Let $$f(x) = x^{3}+ x^{2}f'(1)+2xf''(2)+f'''(3)$$, $$x\epsilon R$$. Then the value of f'(5) is :

We begin with $$f(x) = x^3 + x^2 f'(1) + 2xf''(2) + f'''(3)$$.

Writing $$f'(1) = a$$, $$f''(2) = b$$ and $$f'''(3) = c$$ yields $$f(x) = x^3 + ax^2 + 2bx + c$$.

Therefore $$f'(x) = 3x^2 + 2ax + 2b$$, $$f''(x) = 6x + 2a$$ and $$f'''(x) = 6$$.

Applying the third derivative condition gives $$f'''(3) = 6 = c$$.

Next, from the second derivative condition we have $$f''(2) = 12 + 2a = b$$.

Then the first derivative condition reads $$f'(1) = 3 + 2a + 2b = a$$.

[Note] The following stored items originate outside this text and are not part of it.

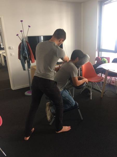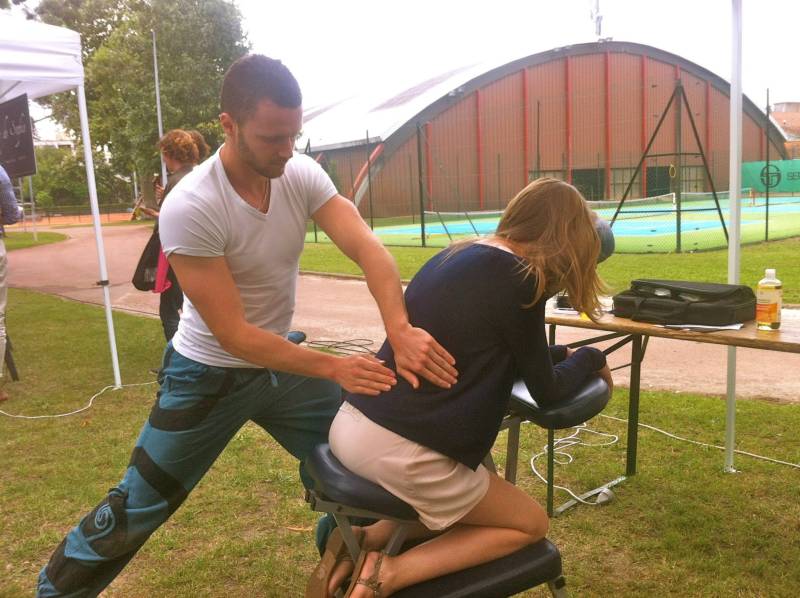 Alexandre exerce le Amma Assis depuis 2014 dans un large éventail de structures : entreprises privées, institutions publiques, salons professionnels ou associations. Voici pourquoi cette technique s’adapte si bien aux milieux professionnels :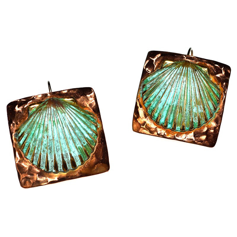 • Neo-Oceania Earrings featuring Iconic Scallop Shells in our multi-tone Verdigris Patina Brass on Hand Hammered domed square backgrounds of Pure Copper shown with Museum Latch (Pierced) Closures.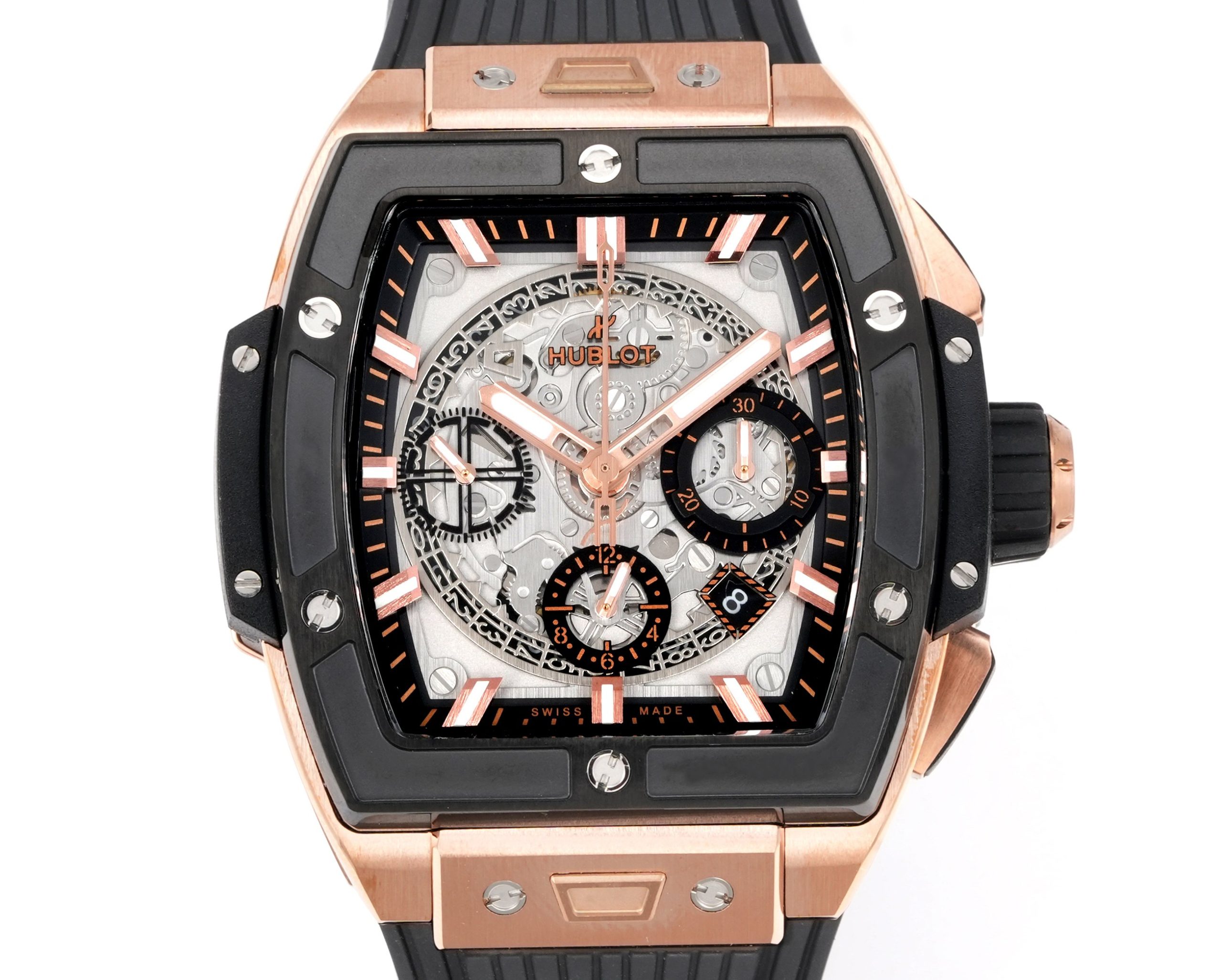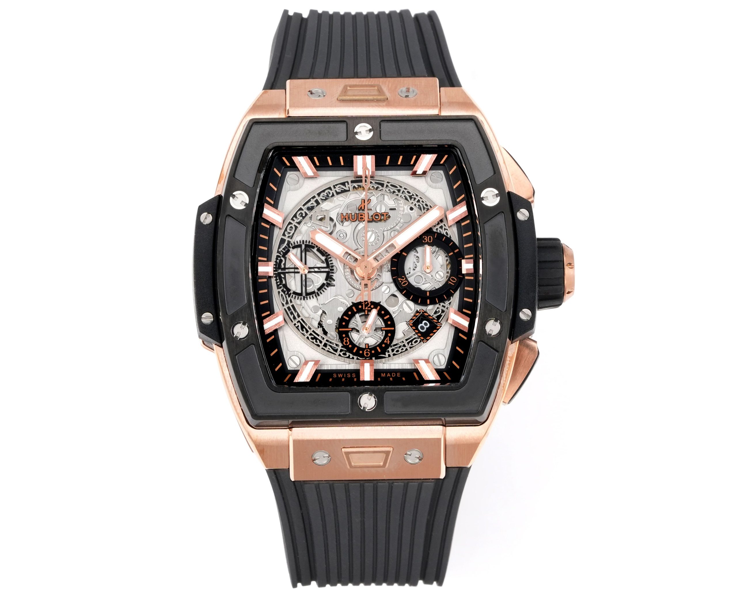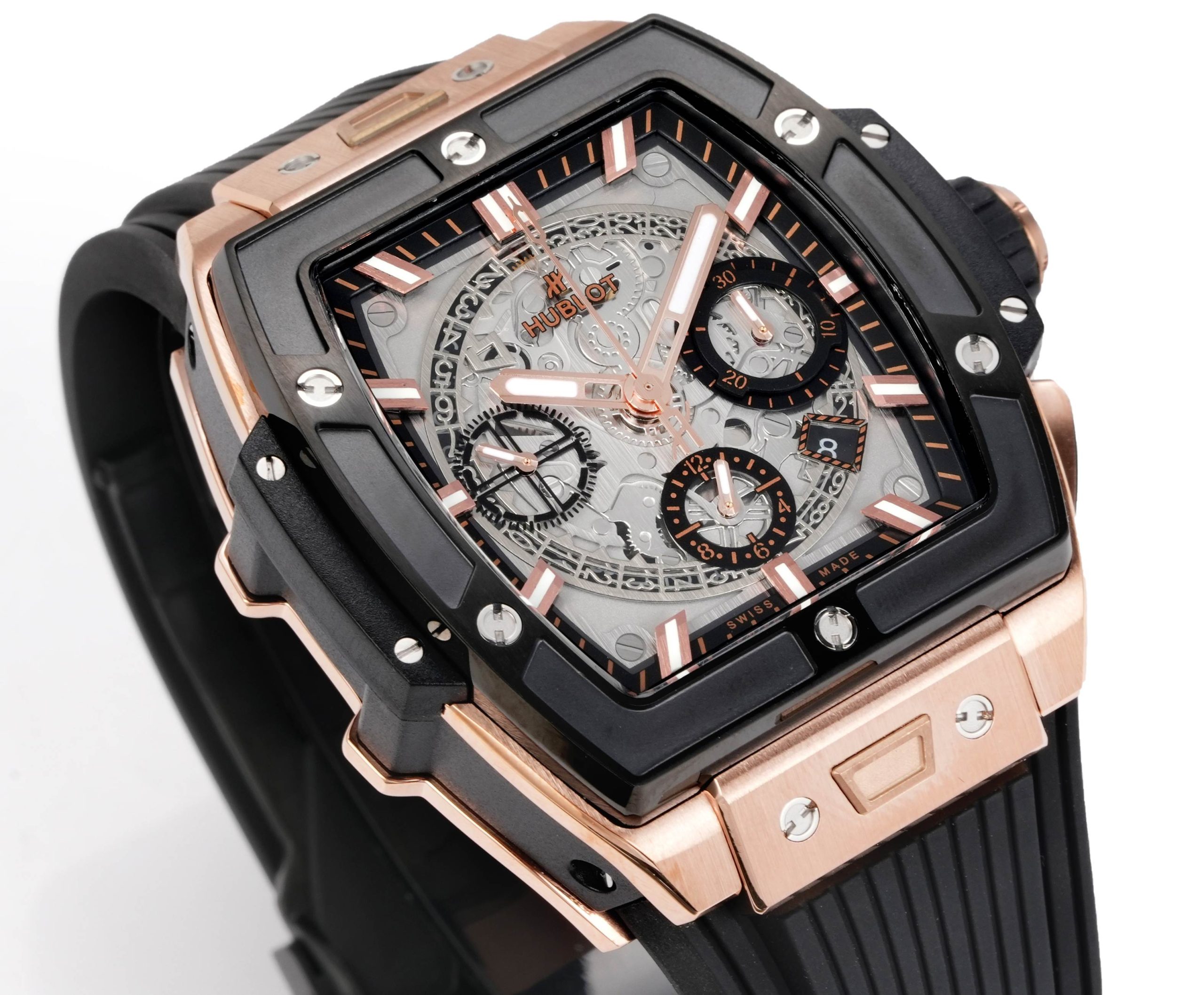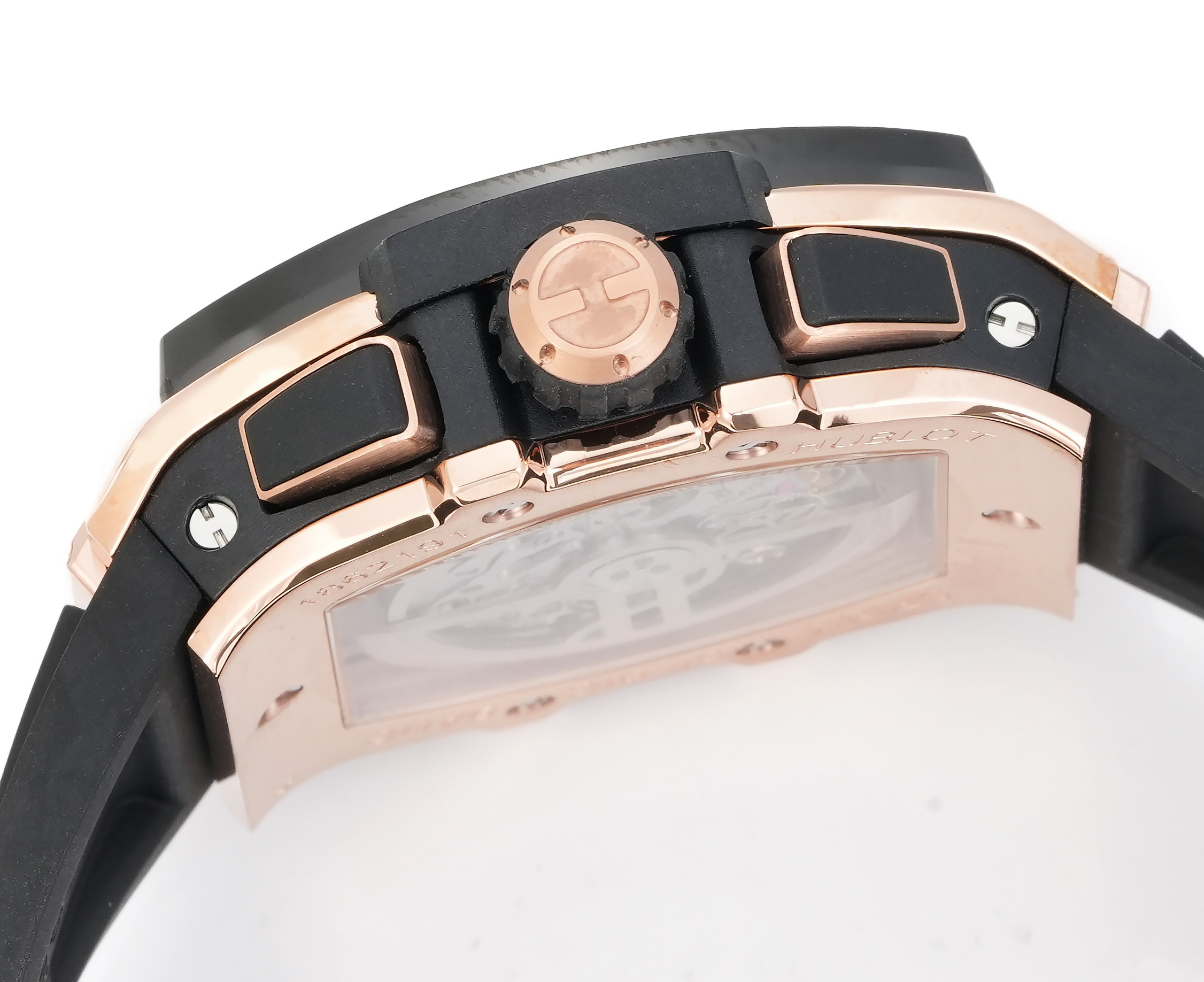 ウブロ スピリット オブ ビッグバンは、伝統的な丸型時計のデザインの中で際立つユニークなバレル型ケースを特徴としています。チタンと樹脂の融合から作られたこのケースは、6本のH型ネジで強化された「サンドイッチ」構造を採用しています。このデザインは、ウブロの革新への取り組みを強調するだけでなく、異なる素材と技術を融合させて何か特別なものを生み出すという「融合の芸術」の哲学を体現しています。

From these, $$3 + 2a + 2b = a \Rightarrow a + 2b = -3$$ (i) and $$b = 12 + 2a$$ (ii).

Substituting (ii) into (i) yields $$a + 2(12 + 2a) = -3 \Rightarrow 5a + 24 = -3 \Rightarrow a = -\frac{27}{5}$$.

Substitution into (ii) then gives $$b = 12 + 2(-27/5) = 12 - 54/5 = 6/5$$.

Hence $$f'(x) = 3x^2 + 2(-27/5)x + 2(6/5) = 3x^2 - \frac{54}{5}x + \frac{12}{5}$$.

It follows that $$f'(5) = 75 - \frac{270}{5} + \frac{12}{5} = 75 - 54 + \frac{12}{5} = 21 + \frac{12}{5} = \frac{105 + 12}{5} = \frac{117}{5}$$.

The answer is Option 4: $$\frac{117}{5}$$.